What the exercise asks
The task calls for the line containing "本日も無難にハンマーの群れに" and all later lines, through the end of the entries below, to be set down exactly and without pictures.

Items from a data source
== Segment start ==

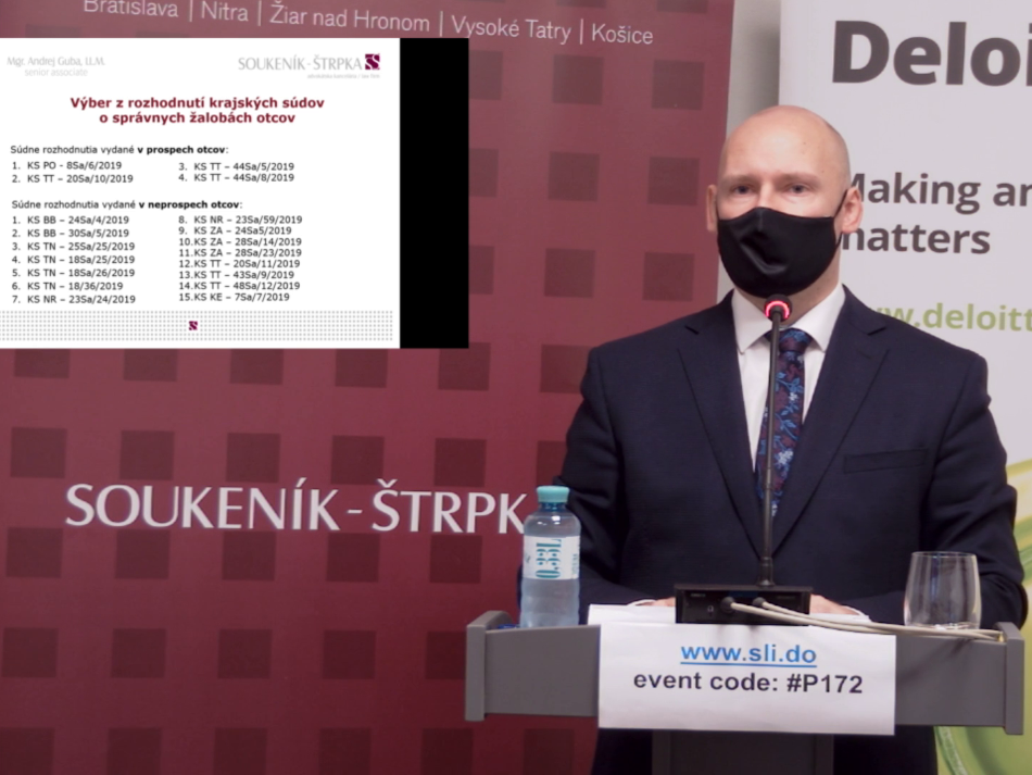 Dňa 9. 11. 2020 sa pod záštitou tímu EU Generation uskutočnila online konferencia „Pracovné právo 2020“. So svojim príspevkom na v súčasnosti veľmi diskutovanú tému možností nároku otca na materské počas rodičovskej dovolenky v súbehu s výkonom práce na nej vystúpil aj Mgr. Andrej Guba, LL.M., vedúci advokát a špecialista na pracovné právo z advokátskej kancelárie SOUKENÍK – ŠTRPKA, s. r. o.
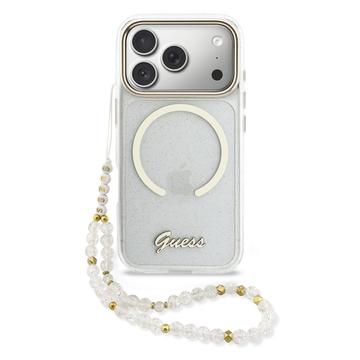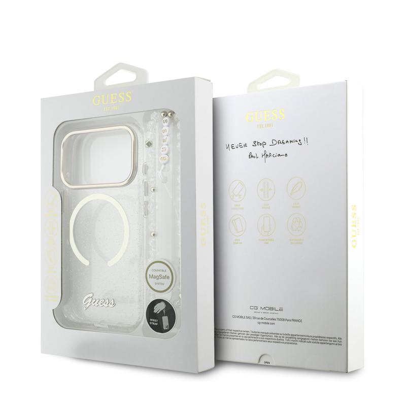 Etui na pasek MagSafe Guess IML Glitter Script do iPhone 17 Pro Max - brokatowa tylna obudowa z paskiem na nadgarstek, ochrona PC+TPU, kompatybilność z MagSafe
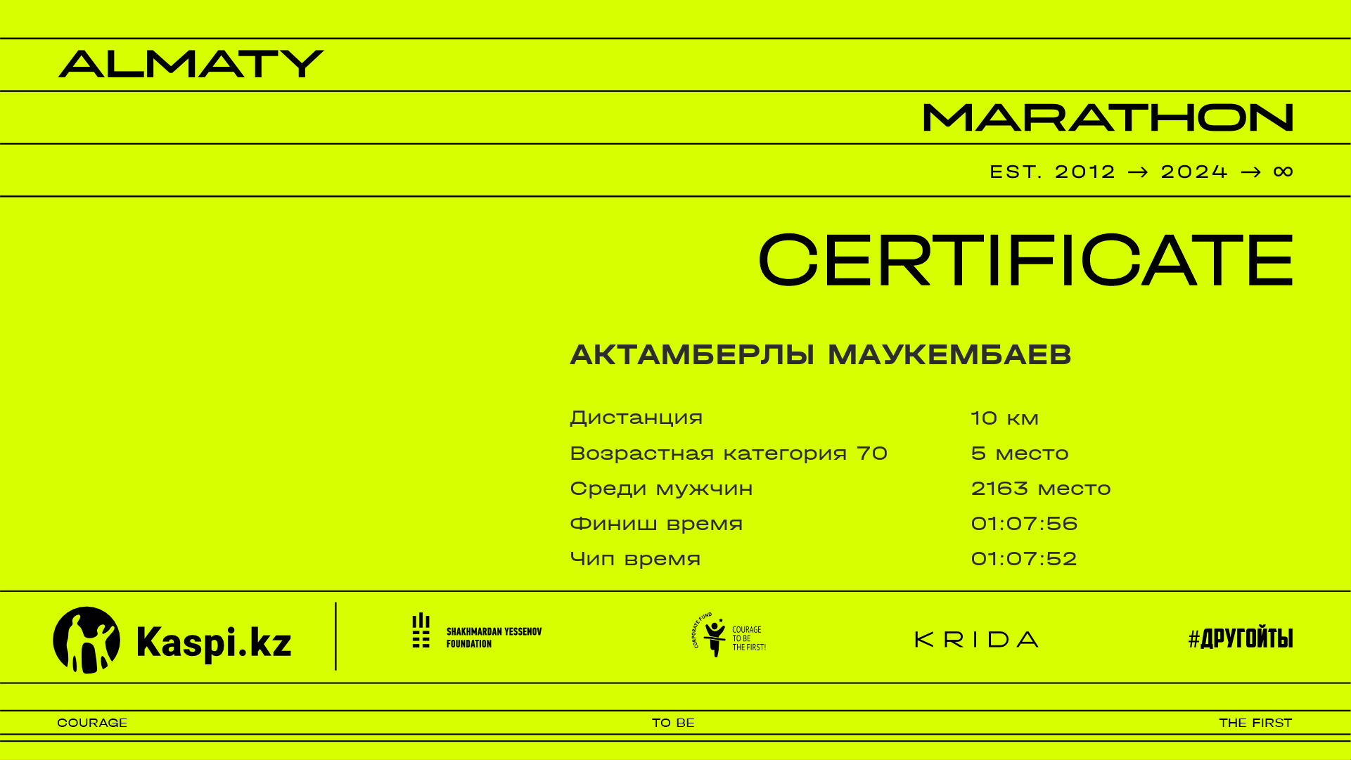 | 7689 | Тахир Жораев | ![]() | Алматы | 10377 | 01:31:48.69 | 01:41:44.81 | 01:39:12.87 | Скачать |
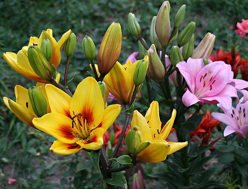 Луковицы лилии азиатской Гран Кру (Grand Cru) – впечатляющий сорт с огненными вспышками оранжево-желтых цветов. Красно-коричневые пыльники оставляют эффектные темные крапинки на роскошных длинных лепестках. Прочные длинные стебли по всей длине усеяны глянцевой зеленой листвой. Лепестки даже после раскрытия держат идеальную форму и слегка сгибаются внутрь.
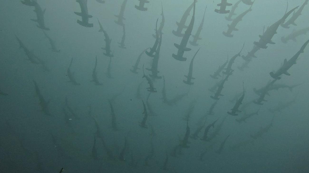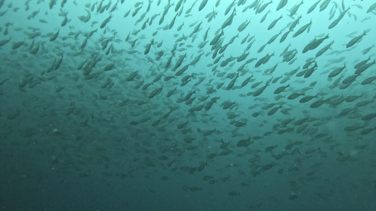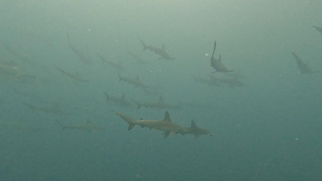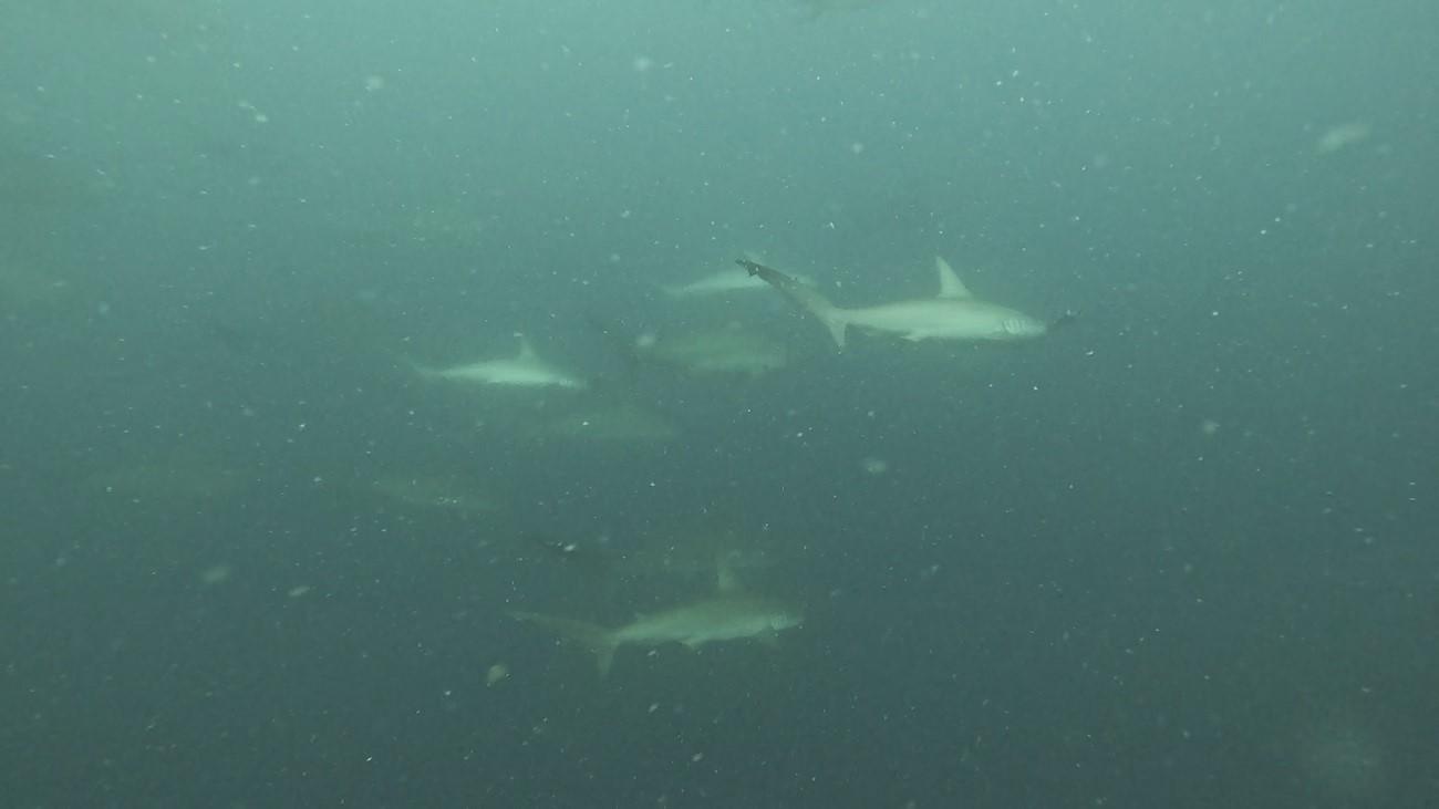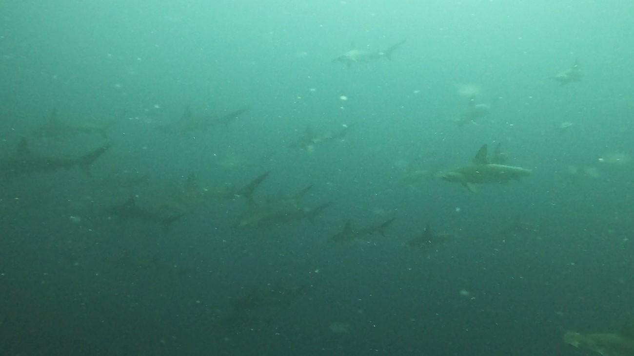 本日も無難にハンマーの群れに遭遇!濁りで全貌をとらえられませんでしたがかなりの数!
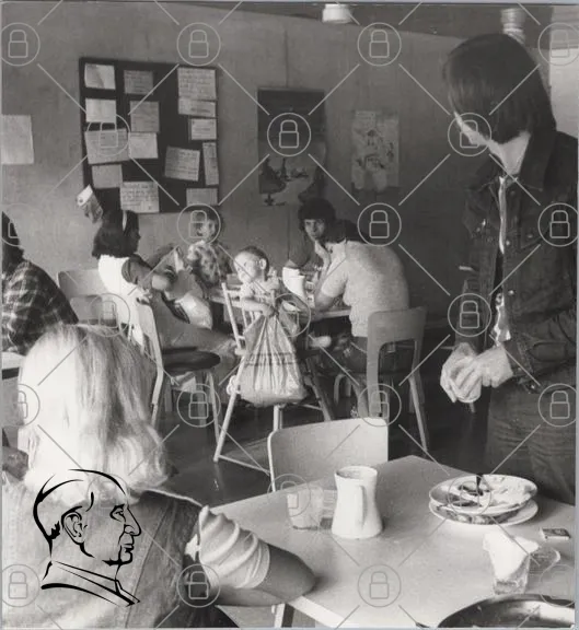 café, människor, bord, stolar, docka, mat, dryck, svartvitt, 1970-tal, samtal, kläder, inredning, väggar, anteckningar, tavla, leende, socialt, gemenskap, barn, vuxna, avslappnad, miljö, interiör, aktiviteter, samvaro, traditionell, kultur, nostalgi, familj

== Segment end ==

Solution to the problem
 本日も無難にハンマーの群れに遭遇!濁りで全貌をとらえられませんでしたがかなりの数!
 café, människor, bord, stolar, docka, mat, dryck, svartvitt, 1970-tal, samtal, kläder, inredning, väggar, anteckningar, tavla, leende, socialt, gemenskap, barn, vuxna, avslappnad, miljö, interiör, aktiviteter, samvaro, traditionell, kultur, nostalgi, familj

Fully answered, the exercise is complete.